### WHAT THE TASK ASKS
Render every line of the data exactly as written, and leave out the pictures.

### RAW DATA
———
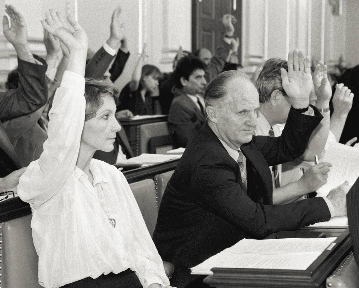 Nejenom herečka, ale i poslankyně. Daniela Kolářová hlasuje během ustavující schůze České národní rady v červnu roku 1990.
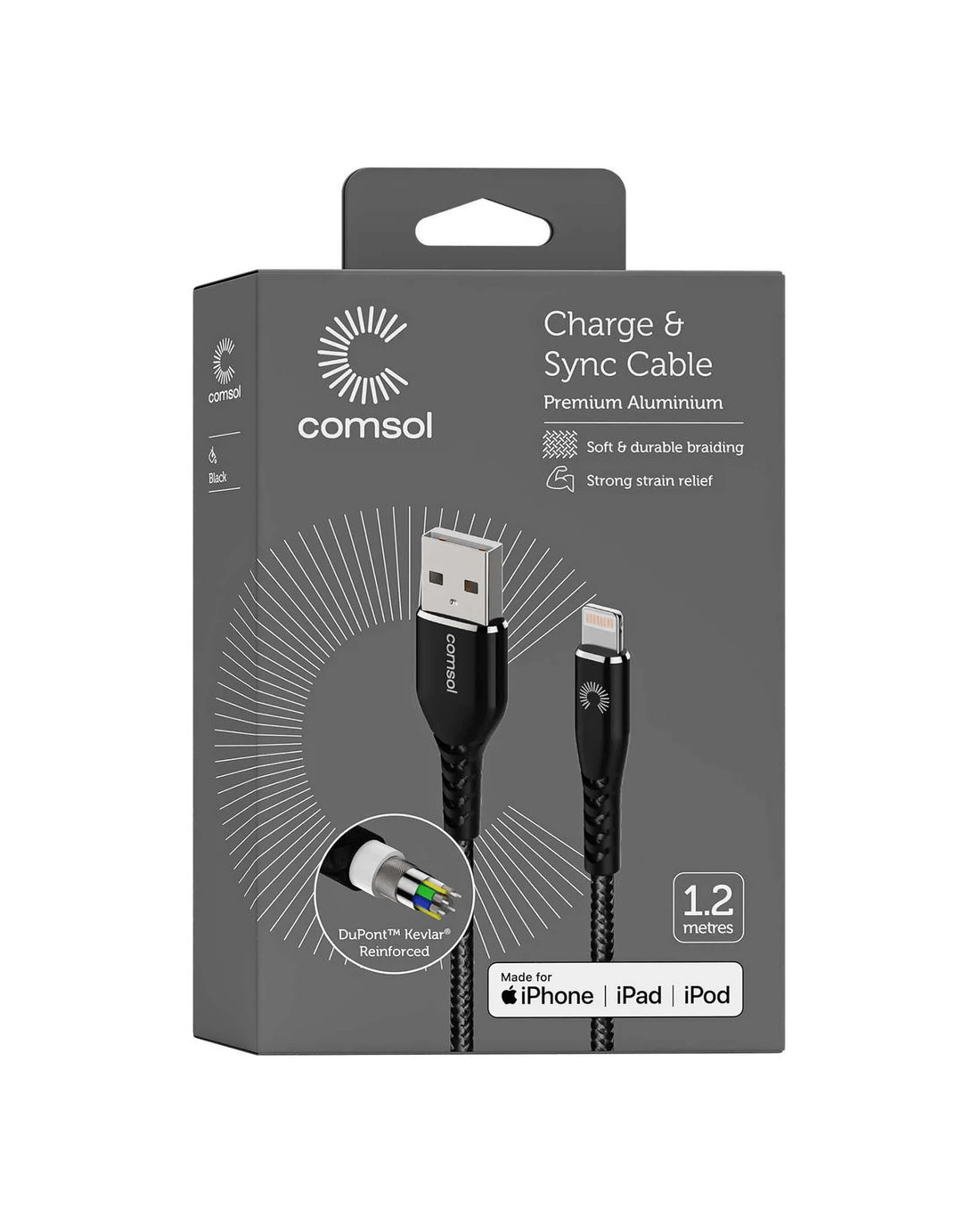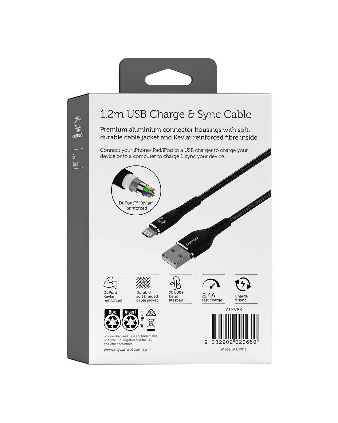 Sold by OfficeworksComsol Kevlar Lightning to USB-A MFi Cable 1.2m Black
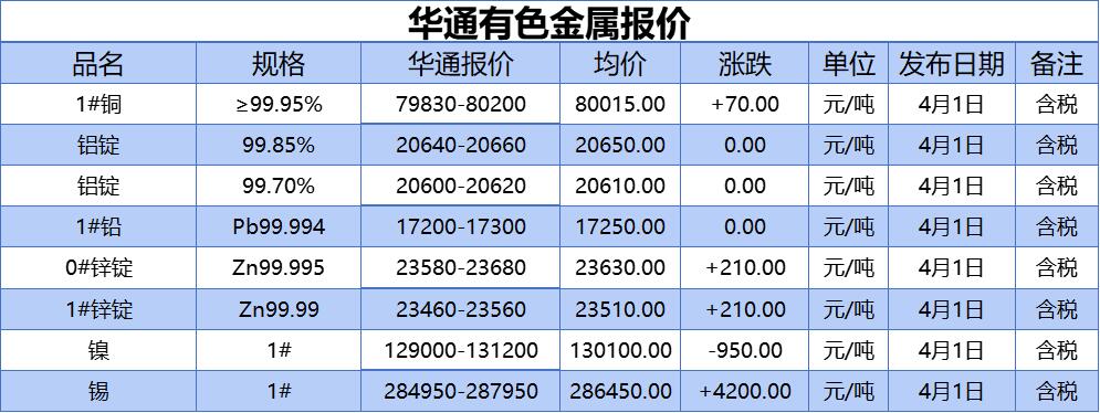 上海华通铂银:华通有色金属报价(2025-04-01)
———
### WRITTEN REPLY
 Nejenom herečka, ale i poslankyně. Daniela Kolářová hlasuje během ustavující schůze České národní rady v červnu roku 1990.
 Sold by OfficeworksComsol Kevlar Lightning to USB-A MFi Cable 1.2m Black
 上海华通铂银:华通有色金属报价(2025-04-01)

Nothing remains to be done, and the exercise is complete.